JSON Schema Guide for Document Extraction
JSON Schema Guide for Document Extraction
Your JSON Schema is the most important part of the extraction process. It tells the extraction engine exactly what data to look for and how to structure the output. A well-designed schema gets you accurate, consistent results. A poorly designed one leads to missed fields and messy data.
This guide covers everything you need to know about designing schemas for document extraction.
How Schemas Work in Extraction
When you submit a document with a schema, the extraction engine:
- Reads the document content
- Looks at your schema to understand what data you want
- Identifies relevant information in the document
- Maps that information to your schema fields
- Returns structured JSON matching your schema exactly
The field names, types, and structure in your schema all serve as hints. The more descriptive and well-structured your schema, the better the results.
Schema Basics
Field Names Matter
The extraction engine uses field names as context. Compare:
// Vague — the engine has less context
{
"field1": { "type": "string" },
"field2": { "type": "number" },
"items": { "type": "array" }
}
// Descriptive — the engine knows what to look for
{
"vendor_name": { "type": "string" },
"total_amount": { "type": "number" },
"line_items": { "type": "array" }
}
Use names that clearly describe the data: invoice_date, shipping_address, unit_price, employee_id.
Data Types
Use the right type for each field:
| Type | Use For | Example |
|---|---|---|
string | Text, names, IDs, dates | "vendor_name": { "type": "string" } |
number | Amounts, prices, percentages | "total": { "type": "number" } |
integer | Counts, quantities | "quantity": { "type": "integer" } |
boolean | Yes/no values | "is_paid": { "type": "boolean" } |
array | Lists, repeating items | "line_items": { "type": "array" } |
object | Grouped, related fields | "vendor": { "type": "object" } |
Format Hints
Add format to string fields for specific data types:
{
"invoice_date": { "type": "string", "format": "date" },
"vendor_email": { "type": "string", "format": "email" },
"company_website": { "type": "string", "format": "uri" }
}
The format: "date" hint tells the extraction engine to return dates in ISO 8601 format (2025-01-15) rather than whatever format appears in the document ("January 15, 2025" or "15.01.2025").
Structuring Your Schema
Flat Schemas
For simple documents with a handful of fields:
{
"type": "object",
"properties": {
"document_title": { "type": "string" },
"author": { "type": "string" },
"date": { "type": "string", "format": "date" },
"summary": { "type": "string" }
}
}
Best for: memos, simple letters, certificates.
Nested Objects
Group related fields together:
{
"type": "object",
"properties": {
"vendor": {
"type": "object",
"properties": {
"name": { "type": "string" },
"address": { "type": "string" },
"tax_id": { "type": "string" }
}
},
"customer": {
"type": "object",
"properties": {
"name": { "type": "string" },
"address": { "type": "string" }
}
}
}
}
Nesting helps the extraction engine understand relationships.
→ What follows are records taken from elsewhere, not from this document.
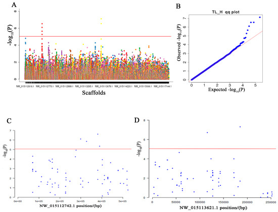 We used GEMMA software [25] to perform genome-wide association studies for the ratio of TL and H using a generalized linear mixed model. The population genetic structure was considered to be a fixed effect and individual kinship was regarded as a random effect in the mixed linear model. The linear mixed model was constructed as follows:
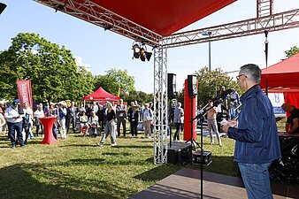 Bürgermeister Egbert Geier begrüßt die Besucherm die der Einladung zum Brückentag gefolgt sind
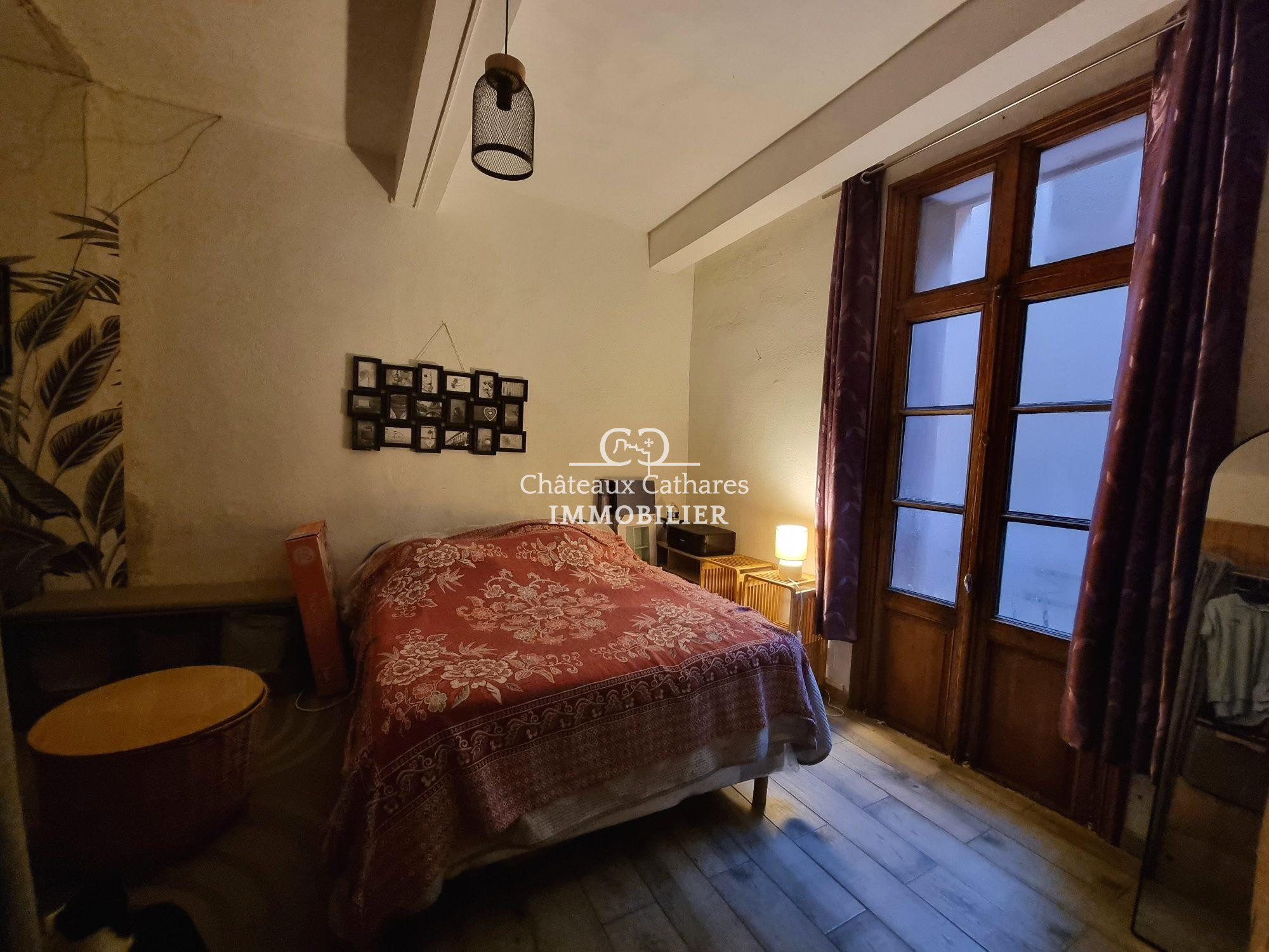 Bien que l'intérieur soit à rafraîchir, cette maison est une toile blanche, prête à être transformée selon vos goûts et vos besoins. Les portes à simple vitrage apportent une touche d'authenticité et laissent entrer la lumière naturelle.
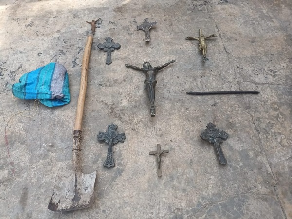 Logrando la aprehensión de tres personas, dos hombres y una mujer que estarían involucrados en el hecho denunciado. Al momento de la aprehensión de los sospechosos, se procedió al secuestro de 8 cruces metálicas, una barreta y una pala, aparentemente elementos utilizados para la sustracción del metal.

It knows name under vendor refers to the vendor's name, not the customer's.
Arrays for Repeating Data
Use arrays when a document contains a list of similar items:
{
"type": "object",
"properties": {
"line_items": {
"type": "array",
"items": {
"type": "object",
"properties": {
"description": { "type": "string" },
"quantity": { "type": "number" },
"unit_price": { "type": "number" },
"total": { "type": "number" }
}
}
}
}
}
Arrays work for: invoice line items, contract clauses, employee certifications, table rows, list entries.
Arrays of Strings
For simple lists:
{
"type": "object",
"properties": {
"key_findings": {
"type": "array",
"items": { "type": "string" }
},
"recommendations": {
"type": "array",
"items": { "type": "string" }
}
}
}
Real-World Schema Patterns
Invoice Schema
{
"type": "object",
"properties": {
"vendor": {
"type": "object",
"properties": {
"name": { "type": "string" },
"vat_id": { "type": "string" }
}
},
"invoice_number": { "type": "string" },
"date": { "type": "string", "format": "date" },
"due_date": { "type": "string", "format": "date" },
"line_items": {
"type": "array",
"items": {
"type": "object",
"properties": {
"description": { "type": "string" },
"quantity": { "type": "number" },
"unit_price": { "type": "number" },
"total": { "type": "number" }
}
}
},
"subtotal": { "type": "number" },
"tax_amount": { "type": "number" },
"total": { "type": "number" }
}
}
Personnel Record Schema
{
"type": "object",
"properties": {
"employee": {
"type": "object",
"properties": {
"full_name": { "type": "string" },
"employee_id": { "type": "string" },
"department": { "type": "string" },
"position": { "type": "string" },
"start_date": { "type": "string", "format": "date" }
}
},
"compensation": {
"type": "object",
"properties": {
"annual_salary": { "type": "number" },
"currency": { "type": "string" },
"pay_grade": { "type": "string" }
}
},
"certifications": {
"type": "array",
"items": {
"type": "object",
"properties": {
"name": { "type": "string" },
"year": { "type": "integer" }
}
}
}
}
}
Report Summary Schema
{
"type": "object",
"properties": {
"report_title": { "type": "string" },
"date": { "type": "string", "format": "date" },
"key_metrics": {
"type": "array",
"items": {
"type": "object",
"properties": {
"metric_name": { "type": "string" },
"value": { "type": "string" },
"trend": { "type": "string" }
}
}
},
"executive_summary": { "type": "string" },
"action_items": {
"type": "array",
"items": { "type": "string" }
}
}
}
Common Mistakes
1. Too Many Fields
Don't try to extract everything at once. Start with the fields you'll actually use. You can always expand the schema later.
Too much:
{
"vendor_name": {}, "vendor_address": {}, "vendor_phone": {},
"vendor_fax": {}, "vendor_email": {}, "vendor_website": {},
"vendor_tax_id": {}, "vendor_bank_name": {}, "vendor_iban": {},
"vendor_bic": {}, "vendor_contact_person": {}, ...
}
Right-sized:
{
"vendor": {
"type": "object",
"properties": {
"name": { "type": "string" },
"vat_id": { "type": "string" }
}
}
}
2. Generic Field Names
Avoid names like data, info, value, or item. These don't give the extraction engine enough context.
3. Wrong Data Types
Using string for amounts means you'll get "1,234.56" instead of 1234.56. Use number for anything you'll do math with.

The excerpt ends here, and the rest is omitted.